The Ultimate Manual to CIS Hardening Guidelines
The Center of Internet Security (CIS) comprises cybersecurity professionals and experts from around the world who identify, validate, and promote cyber defense security practices.
The CIS has developed various international hardening standards and benchmarks that provide insight into improving your cybersecurity controls. Its hardening guidelines are a part of CIS’s mission to bring physical protection to combination locks, mind video cameras, and motion detectors and prevent intruders from breaching facilities.
These guidelines secure the servers and computers by minimizing their attack surface, vulnerability, and potential attack vectors.
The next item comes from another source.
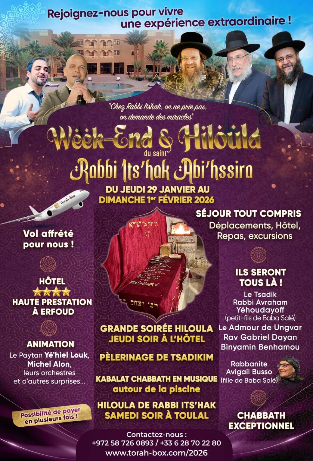 Voyage exceptionnel pour Hommes & Femmes dans un avion exclusivement affrété par Torah-Box… vers le saint et miraculeux Rabbi Its’hak Abi’hssira, au cœur du désert du Maroc.
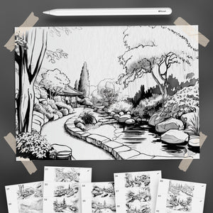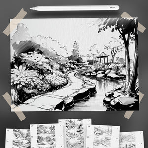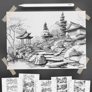 This Procreate background set is the ultimate tool for anyone who wants to depict tranquil bridges, koi ponds, and zen gardens without drawing every stone and leaf.

This also eliminates system flaws that cybercriminals could otherwise exploit to access sensitive user data.
What Are CIS Hardening Benchmarks?
CIS benchmarks refer to a set of best practices designed to secure a target system configuration and are endorsed by academia, government, industry, and business. Each of the guidance recommendations references one or more CIS controls and can help organizations improve their cyber defense capabilities.
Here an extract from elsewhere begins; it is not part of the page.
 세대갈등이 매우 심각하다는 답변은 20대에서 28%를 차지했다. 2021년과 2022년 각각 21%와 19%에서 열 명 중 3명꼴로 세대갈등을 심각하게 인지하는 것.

Many popular compliance standards like HIPAA, NIST, PCI DSS, and SRG consider CIS guidelines as the industry standard for hardening systems and hardware.
What is a hardened system? Hardened systems refer to computer systems that are secured by eliminating or mitigating vulnerabilities to make them inaccessible to unauthorized users.
The term ‘vulnerability’ here refers to software weaknesses and flaws that may occur during the implementation, consideration, design, or administration of a system. Once the system gets compromised, threat actors can exploit these vulnerabilities to hack into devices, systems, and networks.
In a nutshell, CIS hardening guidelines or benchmarks are fundamental to your system’s safety and compliance and are among the recommended security configurations and best practices.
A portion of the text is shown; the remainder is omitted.